F3 Reflects the number of shares withheld in satisfaction of applicable tax withholding obligations in connection with the net settlement of 204,258 RSUs that vested on January 1, 2026. These RSUs were originally granted on March 8, 2023 in the aggregate amount of 523,903 RSUs and were adjusted in connection with the Spin-Off to include an additional 29,623 RSUs.
F4 Reflects the number of shares withheld in satisfaction of applicable tax withholding obligations in connection with the net settlement of 275,742 RSUs that vested on January 1, 2026. These RSUs were originally granted on March 15, 2024 in the aggregate amount of 707,258 RSUs and were adjusted in connection with the Spin-Off to include an additional 79,979 RSUs, for which the remaining 275,742 RSUs (the "2024 Unvested Time-Vesting RSUs") will continue to vest on January 1, 2027, subject to the reporting person's continued service as of the vesting date.
F5 Reflects the number of shares withheld in satisfaction of applicable tax withholding obligations in connection with the net settlement of performance-vesting RSUs that vested on January 1, 2026, as adjusted in connection with the Spin-Off.
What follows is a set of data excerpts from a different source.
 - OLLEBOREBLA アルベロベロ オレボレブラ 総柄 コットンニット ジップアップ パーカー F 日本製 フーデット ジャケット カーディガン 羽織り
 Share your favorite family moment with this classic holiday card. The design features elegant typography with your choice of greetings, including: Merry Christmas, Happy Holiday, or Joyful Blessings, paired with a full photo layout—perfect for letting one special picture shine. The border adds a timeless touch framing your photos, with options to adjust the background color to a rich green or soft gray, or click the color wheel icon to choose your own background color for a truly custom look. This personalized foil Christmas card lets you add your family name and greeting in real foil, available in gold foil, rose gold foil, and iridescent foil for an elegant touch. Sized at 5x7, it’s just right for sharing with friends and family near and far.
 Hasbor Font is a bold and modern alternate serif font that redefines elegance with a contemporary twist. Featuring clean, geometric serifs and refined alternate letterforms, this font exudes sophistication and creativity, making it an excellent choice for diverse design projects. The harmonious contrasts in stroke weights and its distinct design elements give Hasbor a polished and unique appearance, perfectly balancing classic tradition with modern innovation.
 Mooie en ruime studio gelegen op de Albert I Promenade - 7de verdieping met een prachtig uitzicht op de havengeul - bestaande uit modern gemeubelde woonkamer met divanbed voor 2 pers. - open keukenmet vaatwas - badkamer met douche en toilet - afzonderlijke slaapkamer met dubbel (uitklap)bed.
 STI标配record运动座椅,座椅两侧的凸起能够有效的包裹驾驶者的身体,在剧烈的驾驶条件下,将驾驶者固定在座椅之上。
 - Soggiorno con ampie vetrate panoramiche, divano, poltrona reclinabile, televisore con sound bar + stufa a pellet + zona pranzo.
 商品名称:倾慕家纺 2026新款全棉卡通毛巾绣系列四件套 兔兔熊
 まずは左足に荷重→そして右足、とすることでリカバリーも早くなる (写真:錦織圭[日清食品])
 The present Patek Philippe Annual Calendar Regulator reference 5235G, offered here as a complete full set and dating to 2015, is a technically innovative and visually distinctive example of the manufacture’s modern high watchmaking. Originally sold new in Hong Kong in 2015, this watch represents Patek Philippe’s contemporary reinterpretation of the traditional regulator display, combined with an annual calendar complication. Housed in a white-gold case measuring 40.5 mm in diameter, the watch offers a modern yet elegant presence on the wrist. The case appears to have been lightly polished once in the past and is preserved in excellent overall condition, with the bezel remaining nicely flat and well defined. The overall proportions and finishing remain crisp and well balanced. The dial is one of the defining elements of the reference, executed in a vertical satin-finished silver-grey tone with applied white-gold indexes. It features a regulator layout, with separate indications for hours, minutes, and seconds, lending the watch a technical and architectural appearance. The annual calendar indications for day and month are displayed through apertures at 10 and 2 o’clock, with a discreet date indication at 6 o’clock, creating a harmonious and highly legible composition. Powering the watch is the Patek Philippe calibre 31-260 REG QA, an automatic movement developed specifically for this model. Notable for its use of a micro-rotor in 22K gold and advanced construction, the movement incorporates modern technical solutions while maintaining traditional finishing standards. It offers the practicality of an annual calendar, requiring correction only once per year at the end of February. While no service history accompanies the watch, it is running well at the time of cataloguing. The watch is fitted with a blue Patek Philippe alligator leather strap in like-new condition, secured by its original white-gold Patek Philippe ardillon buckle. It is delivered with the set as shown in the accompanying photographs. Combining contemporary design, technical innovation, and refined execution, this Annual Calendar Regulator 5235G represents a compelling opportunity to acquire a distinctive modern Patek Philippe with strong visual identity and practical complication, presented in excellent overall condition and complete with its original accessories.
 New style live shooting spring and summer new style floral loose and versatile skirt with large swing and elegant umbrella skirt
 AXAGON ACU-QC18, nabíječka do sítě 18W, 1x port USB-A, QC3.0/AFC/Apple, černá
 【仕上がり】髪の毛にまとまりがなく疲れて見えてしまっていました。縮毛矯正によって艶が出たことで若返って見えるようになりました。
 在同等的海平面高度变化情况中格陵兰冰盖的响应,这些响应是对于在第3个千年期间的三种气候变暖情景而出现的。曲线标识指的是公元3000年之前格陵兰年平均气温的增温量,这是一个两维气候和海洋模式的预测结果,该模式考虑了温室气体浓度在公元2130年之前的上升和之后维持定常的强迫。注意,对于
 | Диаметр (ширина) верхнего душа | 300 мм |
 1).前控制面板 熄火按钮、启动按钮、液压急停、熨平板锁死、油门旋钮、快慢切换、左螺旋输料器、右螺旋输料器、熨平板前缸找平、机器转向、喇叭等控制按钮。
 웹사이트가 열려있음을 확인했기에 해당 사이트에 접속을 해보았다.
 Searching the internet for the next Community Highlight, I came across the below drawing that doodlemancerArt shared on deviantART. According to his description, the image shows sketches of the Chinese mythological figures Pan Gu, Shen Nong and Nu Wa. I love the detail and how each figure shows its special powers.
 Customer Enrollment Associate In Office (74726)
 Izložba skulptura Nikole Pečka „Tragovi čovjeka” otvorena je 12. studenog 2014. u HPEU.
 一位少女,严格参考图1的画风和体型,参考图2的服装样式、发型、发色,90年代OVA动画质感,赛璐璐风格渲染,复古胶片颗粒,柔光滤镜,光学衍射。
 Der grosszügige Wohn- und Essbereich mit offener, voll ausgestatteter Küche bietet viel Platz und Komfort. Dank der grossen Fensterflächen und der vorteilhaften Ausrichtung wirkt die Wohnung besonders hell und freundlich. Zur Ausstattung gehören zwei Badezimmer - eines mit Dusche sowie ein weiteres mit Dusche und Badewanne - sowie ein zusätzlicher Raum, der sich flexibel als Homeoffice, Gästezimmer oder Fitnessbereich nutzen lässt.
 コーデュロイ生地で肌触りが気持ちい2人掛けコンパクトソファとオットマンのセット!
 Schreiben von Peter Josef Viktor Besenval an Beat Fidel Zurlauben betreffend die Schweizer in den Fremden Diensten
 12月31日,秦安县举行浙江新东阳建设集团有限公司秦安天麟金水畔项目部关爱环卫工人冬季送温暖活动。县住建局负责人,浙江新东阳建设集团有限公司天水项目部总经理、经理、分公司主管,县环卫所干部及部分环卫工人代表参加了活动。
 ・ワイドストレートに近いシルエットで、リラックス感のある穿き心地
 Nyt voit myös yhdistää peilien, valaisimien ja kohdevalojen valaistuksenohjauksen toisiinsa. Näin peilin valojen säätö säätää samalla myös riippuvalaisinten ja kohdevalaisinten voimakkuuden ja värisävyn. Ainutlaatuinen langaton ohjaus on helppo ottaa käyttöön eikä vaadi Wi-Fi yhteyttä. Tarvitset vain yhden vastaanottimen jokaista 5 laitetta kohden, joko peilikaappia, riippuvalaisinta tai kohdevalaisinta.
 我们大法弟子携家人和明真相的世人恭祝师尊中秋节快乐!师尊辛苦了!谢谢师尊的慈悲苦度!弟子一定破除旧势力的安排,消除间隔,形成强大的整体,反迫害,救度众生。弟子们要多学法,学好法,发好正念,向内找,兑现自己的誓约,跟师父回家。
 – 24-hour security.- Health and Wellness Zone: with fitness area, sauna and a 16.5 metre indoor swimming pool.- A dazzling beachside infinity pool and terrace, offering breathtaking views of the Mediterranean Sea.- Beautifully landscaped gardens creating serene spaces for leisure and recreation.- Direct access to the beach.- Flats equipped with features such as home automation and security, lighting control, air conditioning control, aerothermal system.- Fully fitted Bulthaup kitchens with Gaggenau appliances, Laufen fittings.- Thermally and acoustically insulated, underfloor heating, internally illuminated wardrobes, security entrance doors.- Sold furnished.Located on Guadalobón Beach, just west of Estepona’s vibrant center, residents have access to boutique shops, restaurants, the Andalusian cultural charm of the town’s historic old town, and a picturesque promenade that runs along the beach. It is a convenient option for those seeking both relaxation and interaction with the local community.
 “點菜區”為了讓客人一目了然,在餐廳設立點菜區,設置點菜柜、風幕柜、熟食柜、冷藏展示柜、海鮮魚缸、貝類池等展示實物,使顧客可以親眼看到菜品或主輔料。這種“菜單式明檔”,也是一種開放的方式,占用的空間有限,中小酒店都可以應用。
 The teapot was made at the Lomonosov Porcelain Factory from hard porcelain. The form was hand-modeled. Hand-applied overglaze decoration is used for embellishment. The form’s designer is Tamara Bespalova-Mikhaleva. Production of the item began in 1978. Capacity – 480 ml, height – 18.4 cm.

These performance-based RSUs were originally granted on March 8, 2023 and vested over the applicable performance period based on the achievement of the provided performance targets, as set forth in the governing award agreement.
F6 Includes (A) 1,473,616 shares of Class A Common Stock owned by the reporting person, (B) 325,513 shares of Class A Common Stock underlying RSUs, which will vest in three equal installments on February 26, 2028, February 26, 2030 and February 26, 2032, and (C) 275,742 shares of Class A Common Stock underlying the 2024 Unvested Time-Vesting RSUs that will vest on January 1, 2027, subject in each case to the reporting person's continued service as of the applicable vesting date. The RSUs will be settled into Class A Common Stock upon vesting and may be settled net of shares withheld to pay applicable taxes.
F7 Includes 827,227 performance-vesting RSUs, as adjusted in connection with the Spin-Off, which will vest over the applicable performance period based on the achievement of the provided performance targets, as set forth in the respective governing award agreement, subject in each case to the reporting person's continued service as of the vesting date of January 1, 2027. The RSUs will be settled into Class A Common Stock upon vesting and may be settled net of shares withheld to pay applicable taxes.
F8 The reported securities are held directly by CompoSecure Employee LLC, and the reporting person (the sole member of CompoSecure Employee LLC) may be deemed to have sole power to vote or dispose of these securities. The reporting person may be deemed the beneficial owner of the shares of Class A Common Stock held by CompoSecure Employee LLC because he is its sole member. The reporting person disclaims beneficial ownership of the securities except to the extent of his pecuniary interest therein.